È iniziato già da qualche giorno un vero e proprio braccio di ferro tra il direttore scientifico dell’Università Mercatorum Francesco Fimmanò e Google, in merito ad una richiesta di diritto all’oblio presentata dal professore ed inerente il suo convogliamento ad una vicenda del 2020 in una inchiesta della Procura di Bari dove si contestavano le modalità con cui l’Agenzia pugliese per il diritto allo studio gli aveva affidato un incarico legale.
La riforma Cartabia
Prima di addentrarci sulla vicenda è opportuno fare una piccola premessa in merito all’importante riforma Cartabia, con il quale è stato riconosciuto a tutti gli effetti il diritto all’oblio, in particolare nella più recente declinazione della deindicizzazione, a chi sia stato indagato o imputato e abbia visto la propria posizione definita con un provvedimento favorevole come, ad esempio, archiviazione, non luogo a procedere o proscioglimento. Analizziamo ora la vicenda.
Il caso Fimmanò-Google
Il professore Francesco Fimmanò nel 2020 venne coinvolto in un’inchiesta dove si contestavano le modalità con le quali l’Agenzia pugliese per il diritto allo studio gli affidò un incarico legale. Una volta conclusa l’indagine, il caso venne archiviato in quanto, secondo la Procura di Bari, tutto fu fatto con la massima trasparenza. Il gip, nel decreto di archiviazione specificò che, ai sensi dell’art. 17 del Regolamento europeo del 2016, poteva essere richiesto un provvedimento di sottrazione dell’indicizzazione da parte dei motori di ricerca che avevano menzionato la vicenda.
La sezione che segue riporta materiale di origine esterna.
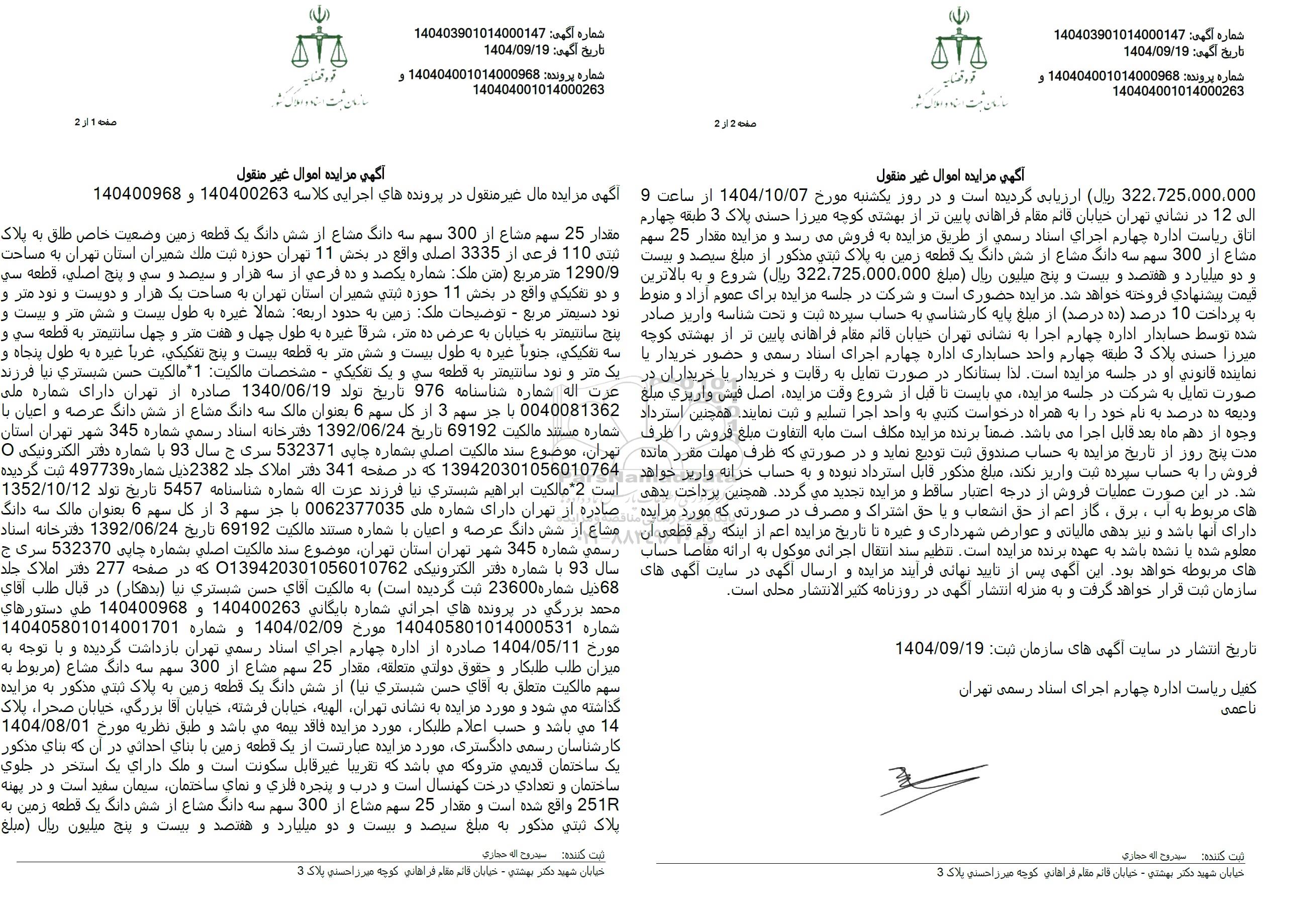 مقدار 25 سهم مشاع از 300 سهم سه دانگ مشاع از شش دانگ یک قطعه زمین وضعیت خاص طلق به پلاک تبتی 110 فرعی از 3335 اصلی واقع در بخش 11 تهران حوزه ثبت ملک شمیران استان تهران به مساحت 1290.9 متر مربع (متن ملک: شماره یکصد و ده فرعی از سه هزار و سیصد و سی و پنج اصلی، قطعه سی و دو تفکیکی واقع در بخش 11 حوزه ثبتی شمیران استان تهران به مساحت یک هزار و دویست و نود متر و بود دسیمتر مربع - توضیحات ملک زمین به حدود اربعه شمالا غیره به طول بیست و شش متر و بیست و پنج سانتیمتر به خیابان به عرض ده متر شرقا غیره به طول چهل و هفت متر و چهل سانتیمتر به قطعه سی و سه تفکیکی جنوباً غیره به طول بیست و شش متر به قطعه بیست و پنج تفكیكی غرباً غیره به طول پنجاه و یک متر و نود سانتیمتر به قطعه سی و یک تفکیکی - مشخصات مالكیت 1 مالكیت حسن شبستری نیا فرزند عزت اله شماره شناسنامه 976 تاریخ تولد 1340.06.19 صادره از تهران دارای شماره ملی 0040081362 یا جز سهم 3 از کل سهم 6 بعنوان مالک سه دانگ مشاع از شش دانگ عرصه و اعیان با شماره مستند مالكیت 69192 تاریخ 1392.06.24 دفترخانه اسناد رسمی شماره 345 شهر تهران استان تهران موضوع سند مالکیت اصلی بشماره چاپی 532371 سری ج سال 93 با شماره دفتر الکترونیکی 0 139420301056010764 که در صفحه 341 دفتر املاک جلد 2382 ذیل شماره 497739 ثبت گردیده است 2 مالكیت ابراهیم شبستری نیا فرزند عزت اله شماره شناسنامه 5457 تاریخ تولد 1352.10.12 صادره از تهران دارای شماره طی 0062377035 با جز سهم 3 از کل سهم 6 بعنوان مالک سه دانگ مشاع از شش دانگ عرصه و اعیان با شماره مستند مالکیت 69192 تاریخ 1392.06.24 دفترخانه اسناد رسمی شماره 345 شهر تهران استان تهران موضوع سند مالکیت اصلی بشماره چاپی 532370 سری ج سال 93 با شماره دفتر الکترونیکی 0139420301056010762 که در صفحه 277 دفتر املاک جلد 68 ذیل شماره 23600 ثبت گردیده است به مالکیت آقای حسن شبستری نیا بدهکار) در قبال طلب آقای محمد بزرگی در پرونده های اجرائی شماره بایگانی 140400263 و 140400968 طی دستورهای 140405801014001701 شماره 140405801014000531 مورخ 1404.02.09 و شماره مورخ 1404.05.11 صادره از اداره چهارم اجرای اسناد رسمی تهران بازداشت گردیده و با توجه به میزان طلب طلبکار و حقوق دولتی متعلقه مقدار 25 سهم مشاع از 300 سهم سه دانگ مشاع مربوط به سهم مالکیت متعلق به آقای حسن شبستری نیا از شش دانگ یک قطعه زمین به پلاک ثبتی مذکور به مزایده گذاشته می شود و مورد مزایده به نشانی تهران الهیه خیابان فرشته خیابان آقا بزرگی خیابان صحرا پلاک 14 می باشد و حسب اعلام طلبکار مورد مزایده فاقد بیمه میباشد و طبق نظریه مورخ 1404.08.01 کارشناسان رسمی دادگستری مورد مزایده عبارتست از یک قطعه زمین با بنای احداثی در آن که بنای مذکور یک ساختمان قدیمی متروکه میباشد که تقریبا غیر قابل سکونت است و ملک دارای یک استخر در جلوی ساختمان و تعدادی درخت کهنسال است و درب و پنجره فلزی و نمای ساختمان سیمان سفید است و در پهنه 251R واقع شده است و مقدار 25 سهم مشاع از 300 سهم سه دانگ مشاع از شش دانگ یک قطعه زمین به پلاک ثبتی مذکور به مبلغ سیصد و بیست و دو میلیارد و هفتصد و بیست و پنج میلیون ریال (کبلغ 322.725.000.000 ریال )

A seguito di tale circostanza, Fimmanò ha iniziato il suo braccio di ferro con Google, al fine di chiedere la deindicizzazione della notizia, cancellare informazioni da Internet e i suoi dati personali ma, nonostante una diffida, non ricevette alcun riscontro da parte del colosso di Mountain View. A quel punto Fimmanò si rivolse al Garante per la Privacy.
A seguito del reclamo presentato dal professore e a distanza di poche settimane arrivò la risposta di Google, il quale comunicò a Fimmanò di aver rimosso solo alcuni dei link indicati ed esclusivamente “a titolo di cortesia”, mentre gli altri dovevano rimanere a disposizione della collettività in quanto davano conto dell’avvenuta archiviazione e fornivano un quadro aggiornato della vicenda penale.
Secondo il motore di ricerca, quindi, è prevalso l’interesse pubblico ad avere accesso alle informazioni, in virtù del ruolo pubblico ricoperto dal reclamante, motivo per cui il diritto all’oblio non può essere applicato. Per questo motivo, non è stato possibile attivare la procedura per cancellare notizie da Google. La “battaglia”, comunque, non è conclusa in quanto Fimmanò ha presentato un nuovo reclamo al Garante Privacy e per il momento non ci resta che aspettare per scoprire quale sarà il verdetto definitivo.